Pero de la misma manera que en derecho existe algo llamado novación modificativa del contrato, el pacto de la Transición puede y debe ser renovado. Y debe serlo por las mismas razones por las que se cerró el del 78: porque no es posible la paz si se exige un estricto cumplimiento de la justicia. Es cierto que en su día se acordó lo que se acordó, pero la derecha (entre la cual hay buenos abogados) debe entender que ningún contrato es para siempre, y que hoy la mayoría de la población española está a favor de esa novación modificativa del acuerdo que fue la Transición. Eso afecta tanto a la necesidad imperiosa de cambiar la Constitución (algo a lo que el PP se resiste como gato panza arriba, al grito de Pacta sunt servanda; Santa Rita, lo que se da no se quita, para los que aborrezcan los latinajos) como a admitir sin refunfuñar que el Estado debe ayudar a que los represaliados del franquismo recuperen los restos mortales de sus deudos.

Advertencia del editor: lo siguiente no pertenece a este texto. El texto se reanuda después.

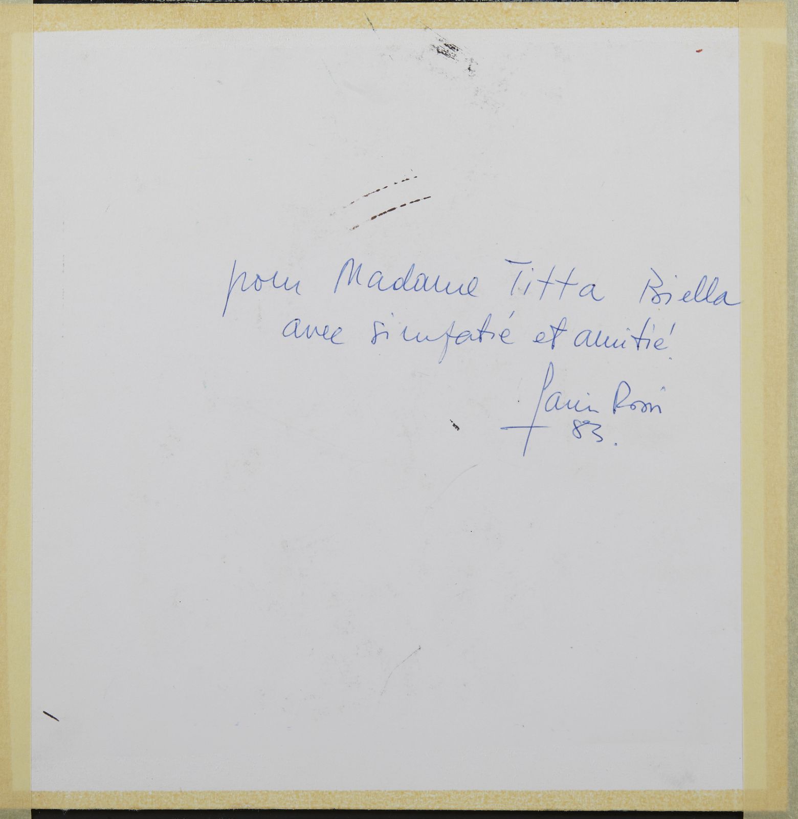 Firma e anno in basso a destra a matita. Al retro dedica, firma e anno. Provenienza: Galleria Melesi, Lecco. Collezione privata, Varese. Lievi difetti.

Y atañe también, como no, al Valle de los Caídos. Hay que sacar los restos de Franco y José Antonio de esos lúgubres sepulcros donde reposan desde hace demasiado tiempo y entregarlos a sus familias, como se ha hecho ya con Mola y Sanjurjo –dos de los cerebros del Glorioso Alzamiento– en Pamplona. Hay que desmontar también esa ominosa y prepotente cruz de 130 metros, porque es el símbolo de la Cruzada, la sanguinaria operación ilícita de rescate espiritual de la patria en la que se embarcó que Franco al grito de

Salvaré a España del marxismo aunque tenga que fusilar a la otra media.

Y como dice el profesor Julián Casanova, hay que retirar de una vez por todas la Guerra Civil del debate político e introducirlo en los libros de texto.

Para que los españoles (que desconocen en su mayoría lo que de verdad ocurrió en la Guerra Civil) se puedan carcajear cada vez que un político torticero e ignorante dice bobadas como las de Rafa Hernando:

La República trajo un millón de muertos.

Ni fueron un millón (500.000, a lo sumo), ni los trajo la República.

La República trajo, en esencia, la abolición de los privilegios de los ricos y los poderosos. Y los muertos los trajeron aquellos que, como Franco, Yagüe y Mola, exterminaron a media España (150 mil muertos solo en la retaguardia) con tal de conservarlos.